[Records from a collection]
========================================

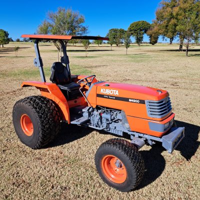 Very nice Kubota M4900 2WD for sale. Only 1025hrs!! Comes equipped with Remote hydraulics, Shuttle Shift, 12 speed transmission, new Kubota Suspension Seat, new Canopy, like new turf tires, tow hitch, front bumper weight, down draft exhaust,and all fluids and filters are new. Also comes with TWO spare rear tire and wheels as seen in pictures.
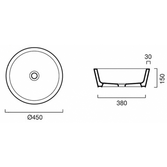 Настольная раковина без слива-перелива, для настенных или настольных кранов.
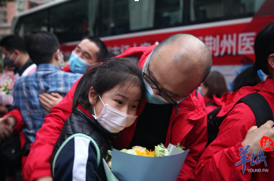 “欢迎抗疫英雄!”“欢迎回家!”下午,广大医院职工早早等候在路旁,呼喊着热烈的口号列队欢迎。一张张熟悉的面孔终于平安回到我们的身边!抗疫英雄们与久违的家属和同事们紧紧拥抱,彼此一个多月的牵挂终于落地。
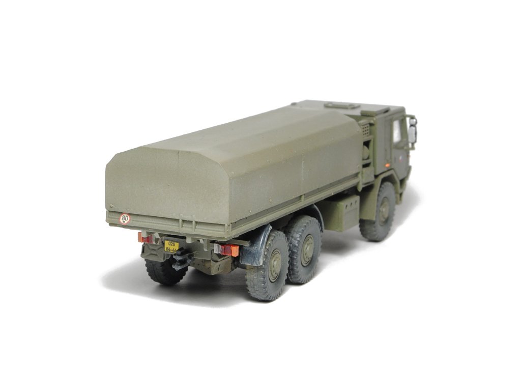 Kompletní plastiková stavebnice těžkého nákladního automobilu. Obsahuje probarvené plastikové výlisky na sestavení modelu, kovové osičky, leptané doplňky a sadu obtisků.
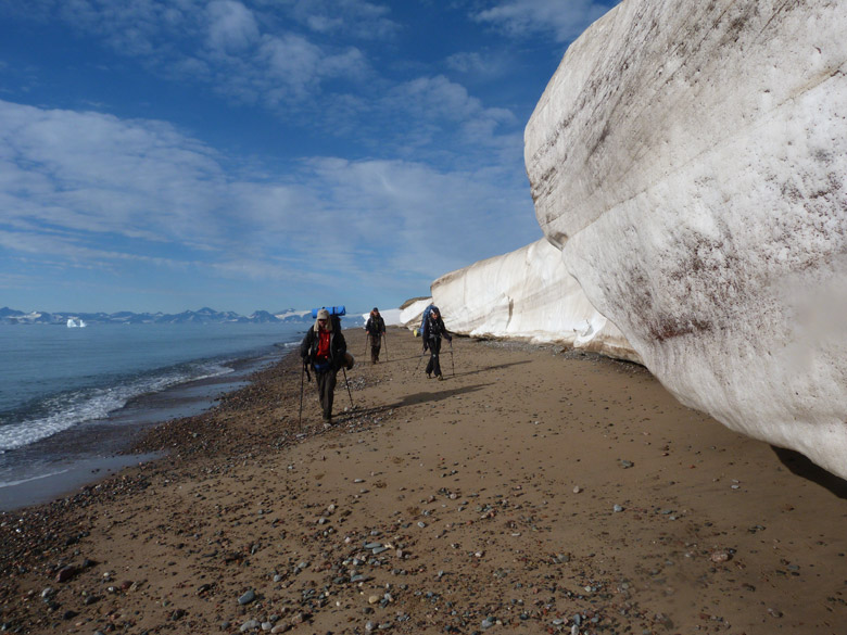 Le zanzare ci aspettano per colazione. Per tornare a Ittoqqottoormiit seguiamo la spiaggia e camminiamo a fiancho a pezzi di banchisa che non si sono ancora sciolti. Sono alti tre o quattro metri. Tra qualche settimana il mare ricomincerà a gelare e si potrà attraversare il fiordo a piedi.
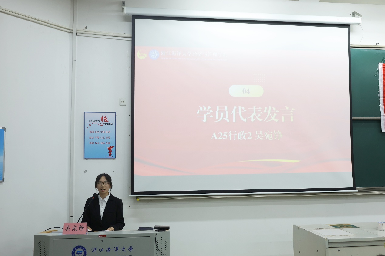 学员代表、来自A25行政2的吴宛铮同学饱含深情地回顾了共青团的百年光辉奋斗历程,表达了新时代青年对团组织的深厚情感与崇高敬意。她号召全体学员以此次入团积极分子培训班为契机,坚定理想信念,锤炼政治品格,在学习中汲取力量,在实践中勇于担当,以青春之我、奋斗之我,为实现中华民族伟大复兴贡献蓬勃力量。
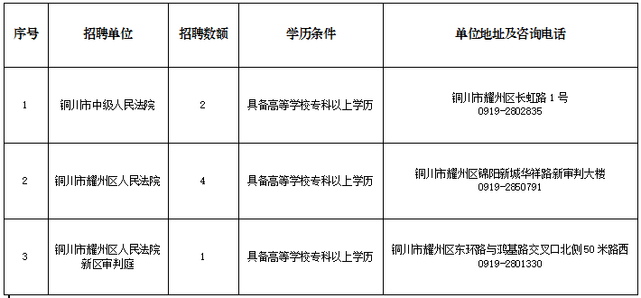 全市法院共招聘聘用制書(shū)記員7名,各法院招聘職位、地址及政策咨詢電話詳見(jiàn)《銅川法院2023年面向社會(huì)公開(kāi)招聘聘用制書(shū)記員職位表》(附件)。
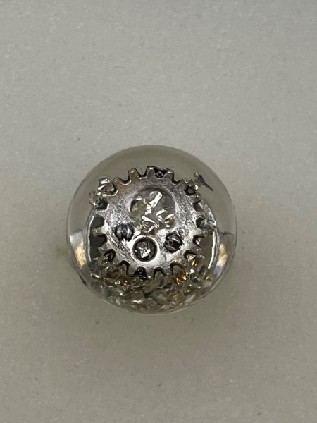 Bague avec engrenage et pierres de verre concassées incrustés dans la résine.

========================================

With pictures left out, repeat exactly the lines from the one containing "全市法院共招聘聘用制書(sh" through the last line of the data above, inclusive, and nothing else.

 全市法院共招聘聘用制書(shū)記員7名,各法院招聘職位、地址及政策咨詢電話詳見(jiàn)《銅川法院2023年面向社會(huì)公開(kāi)招聘聘用制書(shū)記員職位表》(附件)。
 Bague avec engrenage et pierres de verre concassées incrustés dans la résine.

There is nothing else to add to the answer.